# Cuff to cuff sweater K free



## Mireillebc (Apr 7, 2013)

http://www.redheart.com/files/patterns/pdf/LW2594.pdf


----------



## Shauna0320 (Mar 5, 2012)

Great jacket! Thank you for the link.


----------



## JoanDL (Aug 26, 2013)

Thanks, I like this one


----------



## Marylou12 (Dec 11, 2011)

Really nice jacket...Thanks!


----------



## pamjlee (Mar 11, 2012)

I have knit this sweater. I used Jiffy Yarn. Turned out too large so my daughter now has it. Easy pattern to follow.


----------



## oneofthegriffins (Aug 28, 2012)

This looks easy and nice.


----------



## crispie (Dec 17, 2011)

I have made this a couple of times now and found it a lovely knit. I have made it in different yarn weights and found it easy to change; just knit a swatch and be careful to knit the correct size. Easy!


----------



## Valandra (Mar 23, 2011)

Many thanks, and thanks for the comments.


----------



## willi66 (Aug 30, 2012)

Nice!


----------



## Mags1956 (Sep 15, 2012)

Like this, thank you for the link.


----------



## kiwiannie (Jul 30, 2011)

Very pretty,thanks for the link.


----------



## callielw (Jan 28, 2012)

I hvae this pattern in my files to knit up this winter. I love it. Glad to hear it's easy!


----------



## Kittyjean (Sep 7, 2013)

Thank you for this share! I was looking for an easy pattern to knit for all my grand kid and this one looks like it will be easily adaptable for all the sizes and adding to the sleeves for longer lengths!


----------



## snughollow (Aug 4, 2012)

I have made this patterns 5 times for different people and they all love it. It works up beautiful with the Treasure yarn they suggest.


----------



## loveseat (Jun 9, 2012)

Good Morning,
I have never knit a sweator before, only Vests. But
after seeing your pattern and I printed it, I will knit it.
Thank you so much for sharing with us.
Loveseat from Byron Center, Michigan


----------



## loveseat (Jun 9, 2012)

Good Morning,
I have never knit a sweator before, only Vests. But
after seeing your pattern and I printed it, I will knit it.
Thank you so much for sharing with us.
Loveseat from Byron Center, Michigan


----------



## sharmend (Feb 14, 2012)

Thanks for sharing! Love that pattern. A lot of people in my weekly knitting class have made that sweater style and I keep forgetting about making one.


----------



## 23607 (Jun 6, 2011)

Thank you!


----------



## yona (Feb 7, 2011)

Thank you.


----------



## littleeu (Sep 16, 2013)

I made one for my daughter using the RH Bouquet Unforgettable yarn in the Tidal color. Beautiful! And yes, so easy to make. I wish there were more cuff to cuff patterns.


----------



## JeanJ (Jul 12, 2011)

This is for me, after I finish all the Christmas gifts


----------



## fisherwoman (Feb 24, 2012)

I knitted this sweater- WARNING!

No matter what size you choose - the short sleeves come out too huge, like elephant ears! Very Very wide and large.

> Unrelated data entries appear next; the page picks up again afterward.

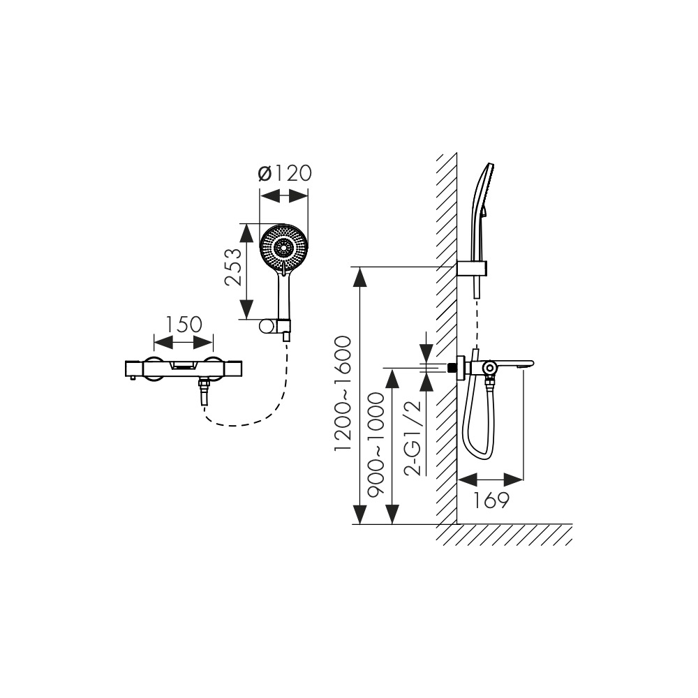 Смеситель KAISER Serio для ванны/душа с термостатом, воронёная сталь
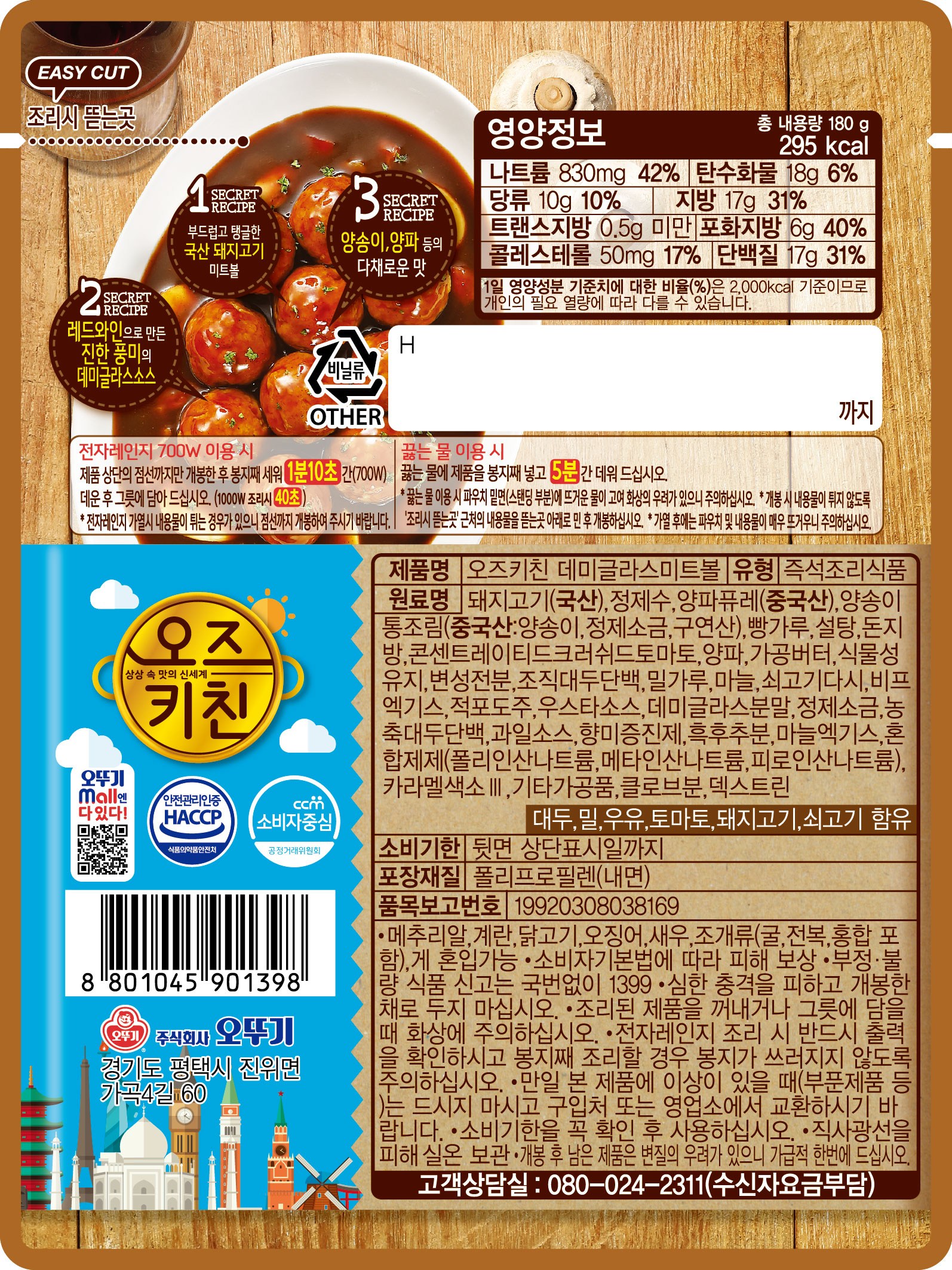 오뚜기 오즈키친 데미글라스 미트볼 180g, 전자렌지에 바로~
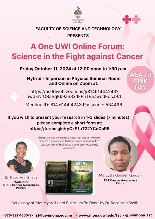 October is Breast Cancer Awareness Month! Join FST Cancer Awareness Patrons Dr. Rose-Ann Smith and Mrs. Lydia Gooden Gordon, along with researchers, in the fight against breast cancer at the “One UWI Online Forum: Science in the Fight Against Cancer.” This event will take place on October 11, 2024, at 12:00 PM via Zoom. Don’t miss the opportunity to learn about the innovative cancer research being conducted at The UWI!

The Red heart yarn I did use was wonderful.

No more sweaters for me!

Fisherwoman


----------



## jaml (Feb 4, 2011)

Thanks for the link.


----------



## yotbum (Sep 8, 2011)

I made this sweater for my great niece and it came out great. She loves it.


----------



## Jnelson-1947 (May 10, 2014)

Love, love, love this. Thank you, I'm going to make it!


----------



## sharmend (Feb 14, 2012)

fisherwoman said:


> I knitted this sweater- WARNING!
> 
> No matter what size you choose - the short sleeves come out too huge, like elephant ears! Very Very wide and large.
> 
> ...


Thanks for the words of advice!


----------



## CBB (Sep 12, 2014)

Looks like a simple pattern that would be super easy to adapt.


----------



## Hannelore (Oct 26, 2011)

Thanks for the link. I wanted this style for some variated yarn as I don't like stripes going horizontally across my body.


----------